My Top 3 Project Planning Tips

I bet you’re up to your ears in project planning tips and tools. Well, here’s another to add to your plate.

You’re welcome.

I’m a big planner and marketing runs through my veins. Here are the top 3 things I’ve learned over the years about planning for the next year.


1. Be clear on what your future looks like.

Everything that you plan to work on next year should be moving your towards the bigger picture.

In 2-3 years, what do you want to be doing? Who do you want to be working with? How many hours do you want to be working? What does your work day look like? What are you teaching?

When you are planning for next year, make sure that everything relates back to your larger umbrella of WHY. Make sure it’s solving a major problem for your readers/clients/customers.


2. Don’t underestimate how much you can get done, but don’t put too much on your plate. 

I like to stick to 1 big launch and 2-3 small launches each year. At the end of the year, I brainstorm all of my ‘could-be’ program launches. From there, I choose which project is going to be my biggest priority. With the rest of the list, I decide which 2-3 will be my smaller launches.


3. Have a plan

Once I’ve decided my major launches for the year, I put these on my calendar for when I want them to launch, so that I know how far in advance I need to start working on it.

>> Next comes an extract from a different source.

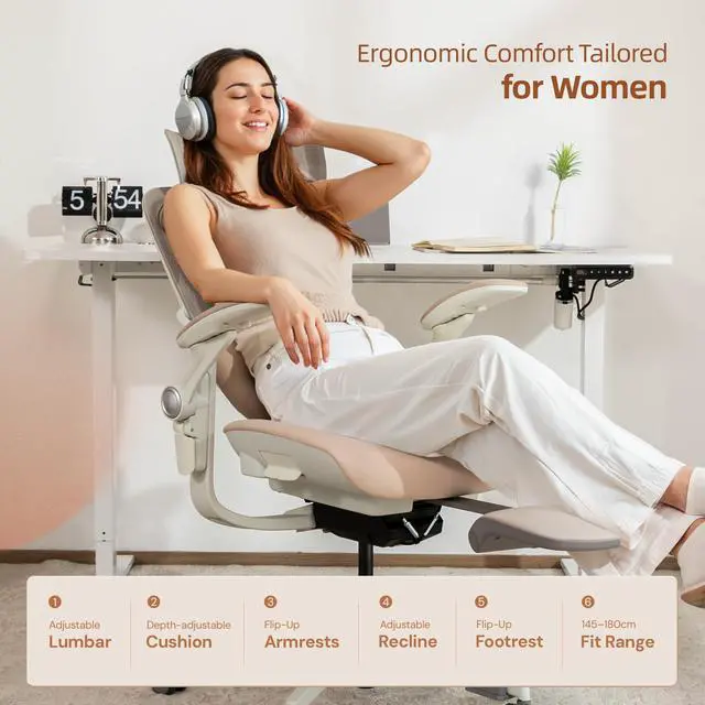 Made with breathable fabric and a modern feminine design, it glides quietly on dual silent casters and supports up to 330 lbs on a white nylon 5-star base. Easy to assemble, BIFMA certified, and patented for ergonomic precision, the CabLady S2 delivers beauty, comfort, and reliability built for smaller frames.
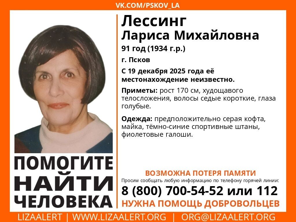 🚨 Поисковый отряд «ЛизаАлерт» Псковской области разыскивает пропавшую 91-летнюю Ларису Михайловну. ⚠️ Её местонахождение неизвестно с 19 декабря. 📞 Координаторы для связи: Анастасия (Подсолнух) +7 (911) 353-84-97, Никита (Плай) +7 (981) 351-21-50. 👉Подписывайтесь на ВЛуки.ру

From there, I create my full task list for each project and decide which items are a priority, which need to be hired out and which are the ongoing/at-my-own-pace task items.

I like to do this initial brainstorming away from my computer, maybe in a coffee shop. Somewhere where I can think and eliminate all chances that I’ll become distracted. Once I’ve jotted everything down, I turn to the computer.

I create a master task list for each project in a google doc. I live in google docs (or at least my business does). From there, you can go on to create your weekly and daily task lists. Seeing everything down in writing puts you into a better perspective of how long it will take you to accomplish something. Just be sure to start when you need to. If you’re new to something (like writing a book), make sure you give yourself some extra time to get all of your eggs in place.


To help you out, I’ve put together a Project Planner worksheet for you to use to map out each of your projects. This is the exact template that I use for my own program launches, but I understand that not everyone is a crazy-excessive planner like me. If it fits your work style, enjoy! I hope it helps.


Download the Project Planner worksheet

This worksheet is just a small part of my PowerPlan workbook that I use with my clients (and a little gift for all PowerPlay members) and I’ve gotten great feedback and how clearly they can envision their year ahead after jotting everything down.


Okay, your turn!

Tell me in the comments below what you struggle with most when planning for next year. Do you get stuck in the idea creation process or get overwhelmed looking at everything that still needs to be done?

I’m planning a set of FREE webinars for 2013 and I want to take your biggest struggles/problems/fears and show you a new way of looking at the planning process.




PS – As a little thank you to my email list for going through the hassle of re-confirming their email address after I made the switch to Aweber, I’ve decided to give my entire email list a FREE copy of the full PowerPlan workbook. You can sign up below this post or on the sidebar. I’ll be sending to both my email list and PowerPlay members next week!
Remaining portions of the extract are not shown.